• DIRECTIONS FOR THIS TASK:
Below, some lines carry pictures; leave those pictures out and retype exactly the lines from the one with "可以自定义你所创建的智能体的" through the one with "Nykyisin markkinoilla oleva".

Items listed in a dataset:
^^^^^^^^

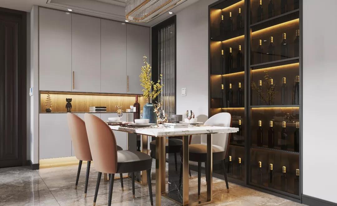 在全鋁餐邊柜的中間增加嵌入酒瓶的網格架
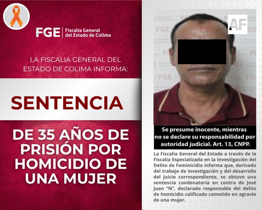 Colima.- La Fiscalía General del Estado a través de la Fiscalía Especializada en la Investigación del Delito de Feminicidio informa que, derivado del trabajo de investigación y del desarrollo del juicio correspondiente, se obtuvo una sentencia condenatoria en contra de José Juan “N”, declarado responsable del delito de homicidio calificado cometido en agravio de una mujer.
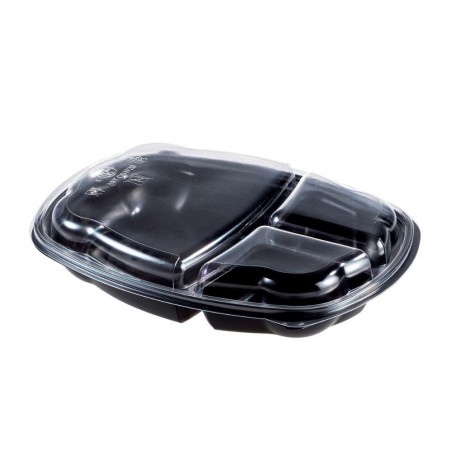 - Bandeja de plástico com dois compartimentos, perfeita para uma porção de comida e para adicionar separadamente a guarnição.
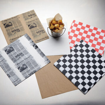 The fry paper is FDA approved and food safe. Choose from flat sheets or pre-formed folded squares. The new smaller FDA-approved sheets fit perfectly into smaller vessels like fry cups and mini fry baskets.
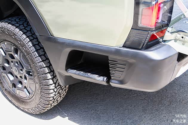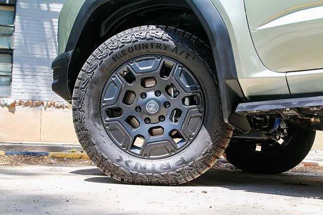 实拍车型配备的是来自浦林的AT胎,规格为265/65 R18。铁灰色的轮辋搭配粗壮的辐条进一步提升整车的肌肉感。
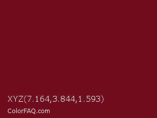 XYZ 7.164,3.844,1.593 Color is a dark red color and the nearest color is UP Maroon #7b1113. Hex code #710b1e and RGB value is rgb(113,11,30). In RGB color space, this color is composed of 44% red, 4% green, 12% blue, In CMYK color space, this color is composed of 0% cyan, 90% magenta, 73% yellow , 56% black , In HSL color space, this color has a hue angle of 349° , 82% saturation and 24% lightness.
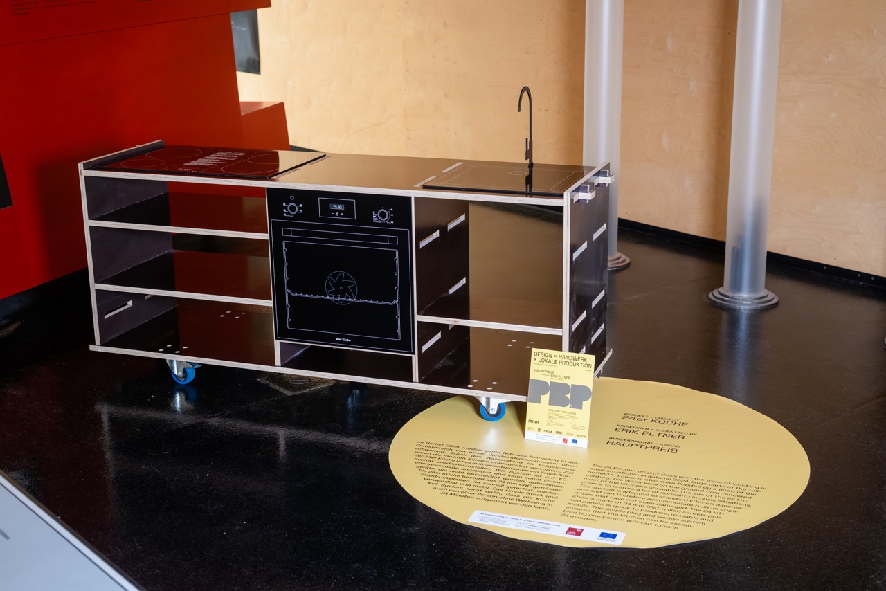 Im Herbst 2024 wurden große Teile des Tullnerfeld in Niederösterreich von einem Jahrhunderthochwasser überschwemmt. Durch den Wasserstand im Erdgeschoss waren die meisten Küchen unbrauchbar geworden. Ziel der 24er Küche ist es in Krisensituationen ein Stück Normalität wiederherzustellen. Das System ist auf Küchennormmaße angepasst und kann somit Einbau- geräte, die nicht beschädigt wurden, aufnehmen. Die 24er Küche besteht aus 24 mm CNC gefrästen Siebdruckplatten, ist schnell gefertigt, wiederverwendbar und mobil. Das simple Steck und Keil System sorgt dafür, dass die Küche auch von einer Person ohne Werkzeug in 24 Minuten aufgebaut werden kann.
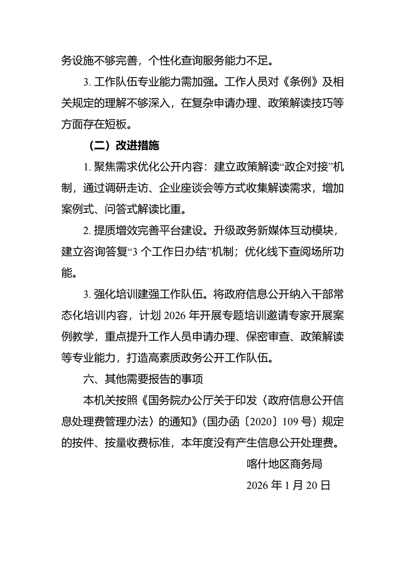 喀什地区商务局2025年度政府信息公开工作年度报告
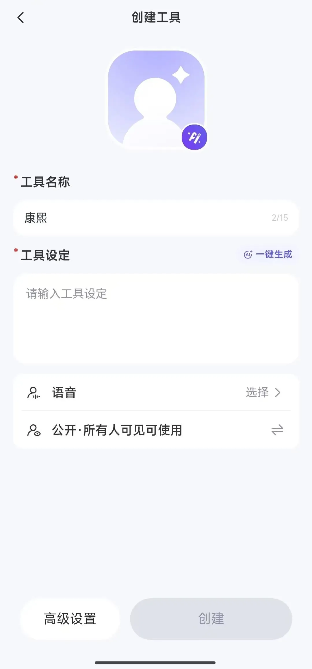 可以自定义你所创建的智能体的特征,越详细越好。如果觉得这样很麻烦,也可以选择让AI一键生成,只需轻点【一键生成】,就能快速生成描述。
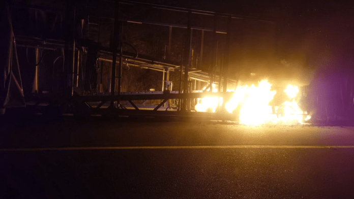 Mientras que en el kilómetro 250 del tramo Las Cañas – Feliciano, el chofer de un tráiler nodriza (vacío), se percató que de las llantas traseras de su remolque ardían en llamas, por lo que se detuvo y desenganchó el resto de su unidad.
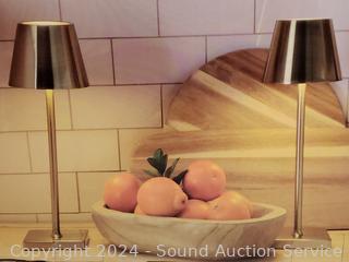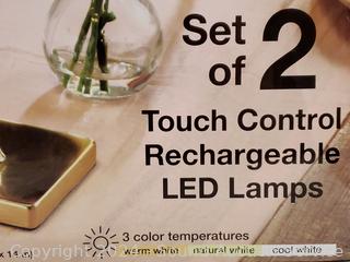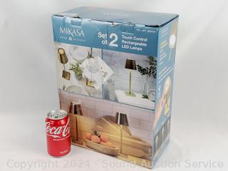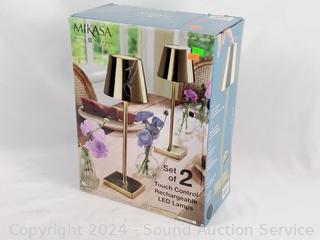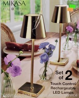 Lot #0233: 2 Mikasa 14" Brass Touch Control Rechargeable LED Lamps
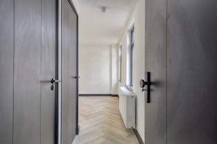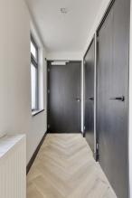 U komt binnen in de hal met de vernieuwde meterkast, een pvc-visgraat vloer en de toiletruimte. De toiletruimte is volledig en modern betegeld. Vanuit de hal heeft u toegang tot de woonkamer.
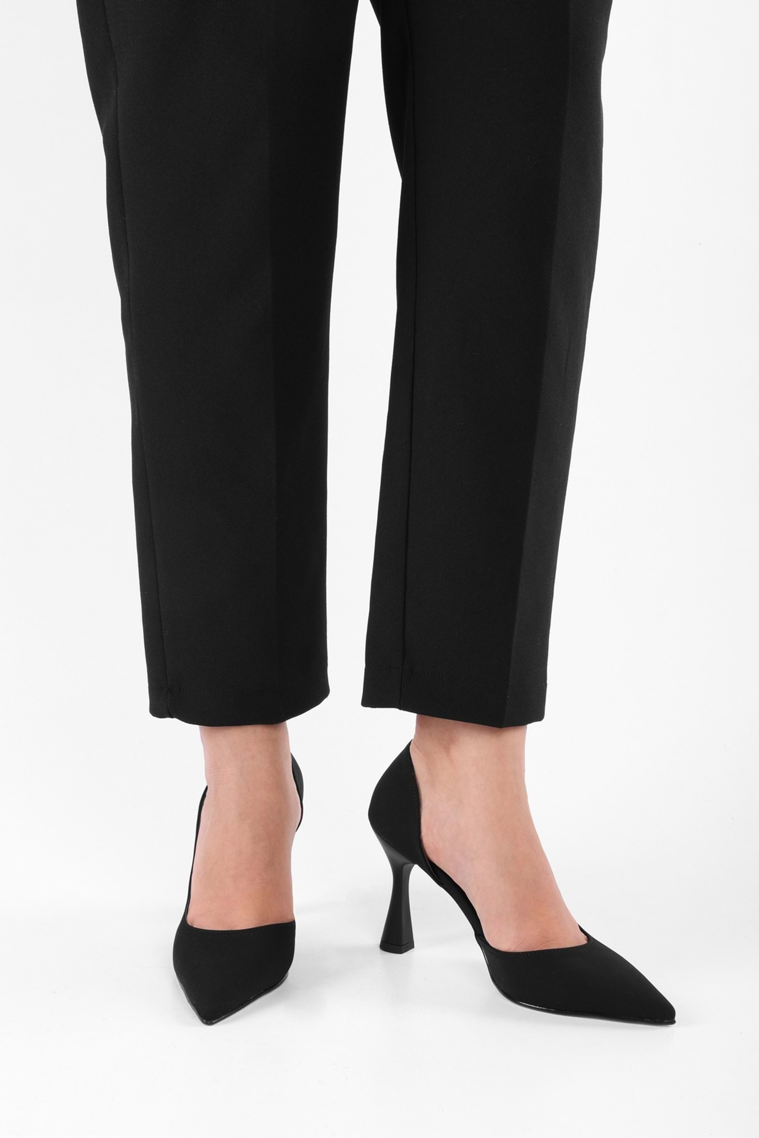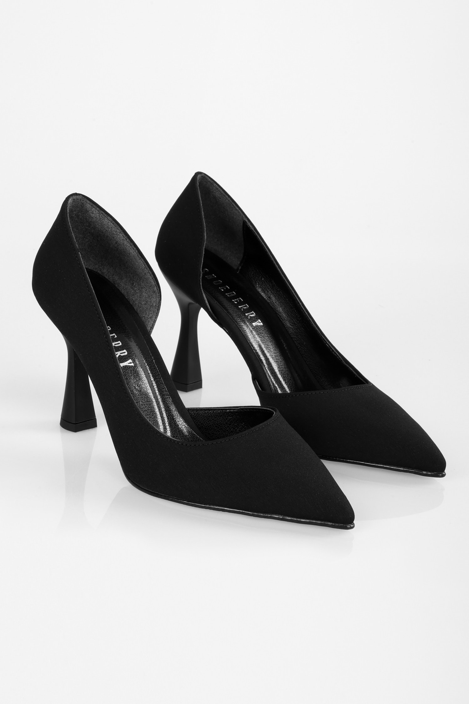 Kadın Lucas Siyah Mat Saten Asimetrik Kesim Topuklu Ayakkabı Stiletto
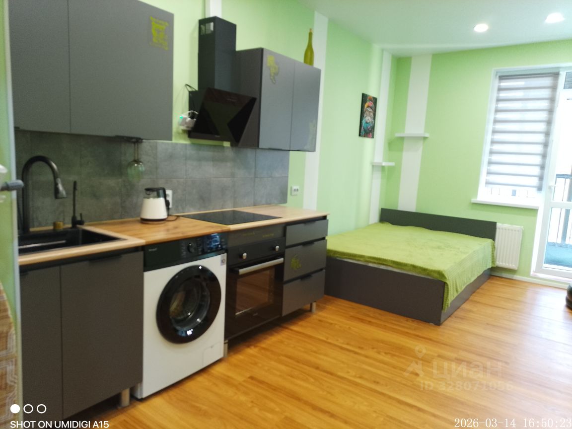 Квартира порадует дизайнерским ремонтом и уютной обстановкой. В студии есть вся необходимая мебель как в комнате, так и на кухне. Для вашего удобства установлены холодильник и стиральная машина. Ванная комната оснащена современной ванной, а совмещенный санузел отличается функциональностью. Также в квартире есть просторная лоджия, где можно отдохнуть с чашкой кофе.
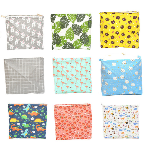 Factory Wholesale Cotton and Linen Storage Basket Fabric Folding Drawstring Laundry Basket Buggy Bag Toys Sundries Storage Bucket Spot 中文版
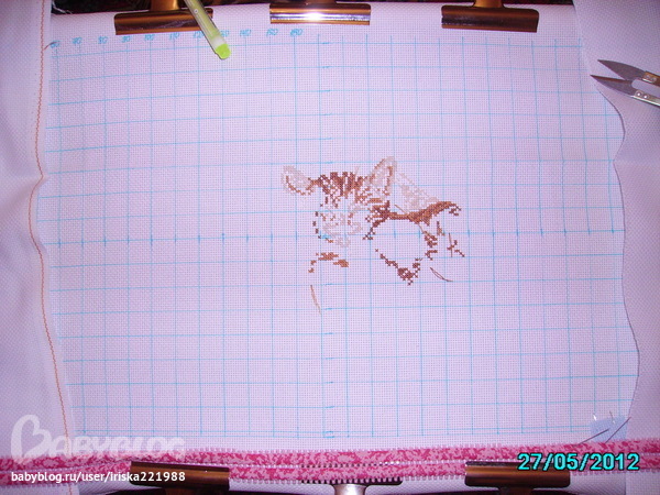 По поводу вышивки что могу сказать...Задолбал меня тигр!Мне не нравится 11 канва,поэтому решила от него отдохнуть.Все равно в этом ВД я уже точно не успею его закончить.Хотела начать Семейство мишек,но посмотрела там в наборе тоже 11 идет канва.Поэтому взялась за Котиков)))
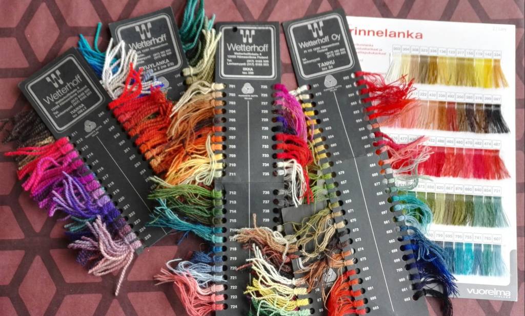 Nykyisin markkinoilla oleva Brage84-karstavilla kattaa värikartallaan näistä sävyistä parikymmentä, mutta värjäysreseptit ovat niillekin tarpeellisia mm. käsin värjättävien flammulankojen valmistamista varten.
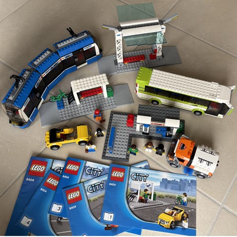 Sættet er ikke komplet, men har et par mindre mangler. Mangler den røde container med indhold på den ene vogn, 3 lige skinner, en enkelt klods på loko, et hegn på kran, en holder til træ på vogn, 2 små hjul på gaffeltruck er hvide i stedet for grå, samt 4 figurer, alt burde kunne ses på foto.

^^^^^^^^

• THE COMPLETED TASK:
 可以自定义你所创建的智能体的特征,越详细越好。如果觉得这样很麻烦,也可以选择让AI一键生成,只需轻点【一键生成】,就能快速生成描述。
 Mientras que en el kilómetro 250 del tramo Las Cañas – Feliciano, el chofer de un tráiler nodriza (vacío), se percató que de las llantas traseras de su remolque ardían en llamas, por lo que se detuvo y desenganchó el resto de su unidad.
 Lot #0233: 2 Mikasa 14" Brass Touch Control Rechargeable LED Lamps
 U komt binnen in de hal met de vernieuwde meterkast, een pvc-visgraat vloer en de toiletruimte. De toiletruimte is volledig en modern betegeld. Vanuit de hal heeft u toegang tot de woonkamer.
 Kadın Lucas Siyah Mat Saten Asimetrik Kesim Topuklu Ayakkabı Stiletto
 Квартира порадует дизайнерским ремонтом и уютной обстановкой. В студии есть вся необходимая мебель как в комнате, так и на кухне. Для вашего удобства установлены холодильник и стиральная машина. Ванная комната оснащена современной ванной, а совмещенный санузел отличается функциональностью. Также в квартире есть просторная лоджия, где можно отдохнуть с чашкой кофе.
 Factory Wholesale Cotton and Linen Storage Basket Fabric Folding Drawstring Laundry Basket Buggy Bag Toys Sundries Storage Bucket Spot 中文版
 По поводу вышивки что могу сказать...Задолбал меня тигр!Мне не нравится 11 канва,поэтому решила от него отдохнуть.Все равно в этом ВД я уже точно не успею его закончить.Хотела начать Семейство мишек,но посмотрела там в наборе тоже 11 идет канва.Поэтому взялась за Котиков)))
 Nykyisin markkinoilla oleva Brage84-karstavilla kattaa värikartallaan näistä sävyistä parikymmentä, mutta värjäysreseptit ovat niillekin tarpeellisia mm. käsin värjättävien flammulankojen valmistamista varten.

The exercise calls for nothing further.